# best place for cheap replacement kitchen doors?



## disco_monkey79 (27 Nov 2012)

As per the title, can anyone advise? We want to brighten up the kitchen, but don't want to spend a fortune on this house.

I've seen some places that sell them for approx. £9 each trae, but it jumps to £30 each retail.

I don't care if they're laminate or whatever, it's just to smarten things up on a budget. Our next house will be treated to the fancy stuff.

p.s. I've been looking on Ebay for 2nd-hand, but it's impossible to get exactly the right sizes.

many thanks


----------



## beech1948 (27 Nov 2012)

EDisco,

Where are you please...it would help if you filled in your Location on your profile.

If you are near here then try

http://www.wrightscarpentry.com/.

They can cut, edge, drill holes etc etc and leave you to paint maybe.

Al


----------



## RobertClark (28 Nov 2012)

Have you tried Kitchen Door Workshop - the online door supplier

They delivery nationwide and all their doors are made to measure

Best of luck with the project

Robert


----------



## Lons (28 Nov 2012)

http://www.browns2000.co.uk/

I use them regularly.

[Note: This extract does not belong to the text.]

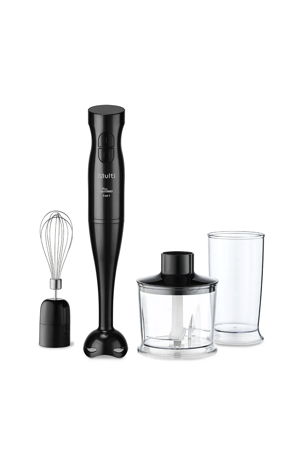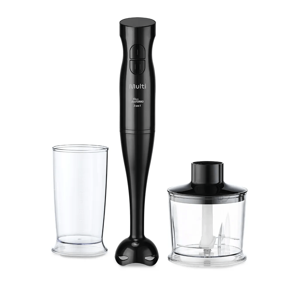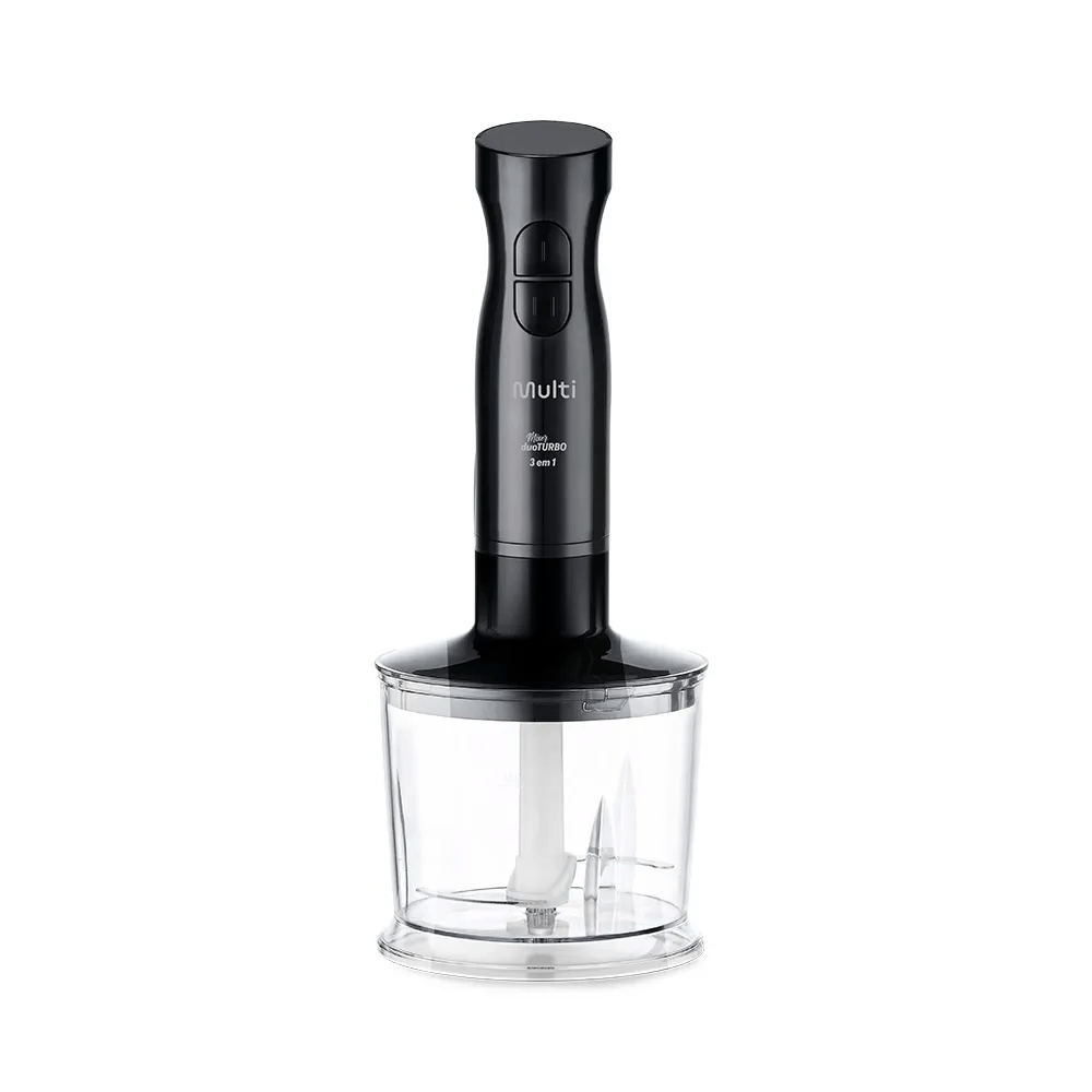 Com 200W de potência e 2 velocidades (Duo Turbo), ele oferece controle total para misturar, bater e processar alimentos com precisão.

Will make any size, loads of styles and colours and decent quality.

Bob


----------



## fluffflinger (28 Nov 2012)

If it's purely price then make your own frame and panel doors from mdf and hand paint. Really good results can be achieved and odd sizes are no problem. 

Minimal tooling is required and it would be a very rewarding project.


----------



## disco_monkey79 (29 Nov 2012)

Thanks all


----------



## bugbear (29 Nov 2012)

It may be of interest that a friend of mine, a full time joiner, installed his own kitchen. Bizarrely, he could BUY made up carcases, of good quality cheaper than he could buy materials to make his own.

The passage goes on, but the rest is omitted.